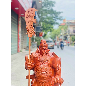 Mua tại TiktokTượng quan công đứng trên gốc cây tùng được làm bằng chất liệu gỗ hương đá tự nhiên 100%
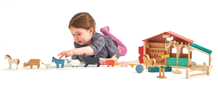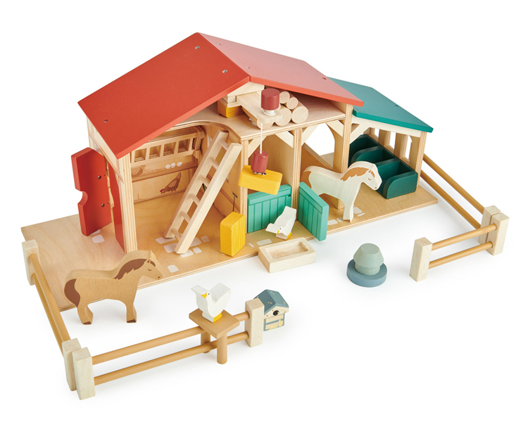 我適合小手操作的開放式設計!豐富的配件:附一扇紅色大門與餵食槽的穀倉,2間帶著門扉的馬厩,一個通向乾草閣樓的梯子,還有具磁性端的滑輪升降系統,用於拉升乾草捆等等,多種配件豐富整個農場遊戲。
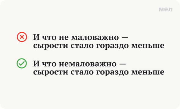 Наречие «не (маловажно)» можно написать как слитно, так и раздельно — всё зависит от контекста. Впрочем, этот принцип можно применить к большинству наречий, что еще раз доказывает их сложность, неоднозначность и коварство. Поэтому мы так часто о них и пишем. Правильно: что немаловажно Вообще с этим словом всё очень сложно. По правилу «не» с наречиями пишутся слитно, если мы специально не подчеркиваем отрицание, а также если нет противопоставления. Вот здесь мы раскрыли несколько секретов того, как отличать усиление отрицания от усиления утверждения. В большинстве случаев использования наречия «(не)маловажно» предпочтение отдают всё же слитному написанию, как в нашем примере: можно заменить «немаловажно» синонимом «очень важно». Но если перед наречием есть усилительные отрицания вроде «отнюдь не», «далеко не», «ничуть не» и другие, тогда наречие с «не» точно пишем раздельно. Больше полезных карточек о русском языке — в «Грамотности» на «Меле» в Telegram. Подписывайтесь, чтобы говорить и

WHAT YOU WILL DO »
Begin with the line that contains "我適合小手操作的開放式設計!" and copy every line through the end of the listing, exactly as written, both ends included. Pictures are not part of the copy.

REPLY »
 我適合小手操作的開放式設計!豐富的配件:附一扇紅色大門與餵食槽的穀倉,2間帶著門扉的馬厩,一個通向乾草閣樓的梯子,還有具磁性端的滑輪升降系統,用於拉升乾草捆等等,多種配件豐富整個農場遊戲。
 Наречие «не (маловажно)» можно написать как слитно, так и раздельно — всё зависит от контекста. Впрочем, этот принцип можно применить к большинству наречий, что еще раз доказывает их сложность, неоднозначность и коварство. Поэтому мы так часто о них и пишем. Правильно: что немаловажно Вообще с этим словом всё очень сложно. По правилу «не» с наречиями пишутся слитно, если мы специально не подчеркиваем отрицание, а также если нет противопоставления. Вот здесь мы раскрыли несколько секретов того, как отличать усиление отрицания от усиления утверждения. В большинстве случаев использования наречия «(не)маловажно» предпочтение отдают всё же слитному написанию, как в нашем примере: можно заменить «немаловажно» синонимом «очень важно». Но если перед наречием есть усилительные отрицания вроде «отнюдь не», «далеко не», «ничуть не» и другие, тогда наречие с «не» точно пишем раздельно. Больше полезных карточек о русском языке — в «Грамотности» на «Меле» в Telegram. Подписывайтесь, чтобы говорить и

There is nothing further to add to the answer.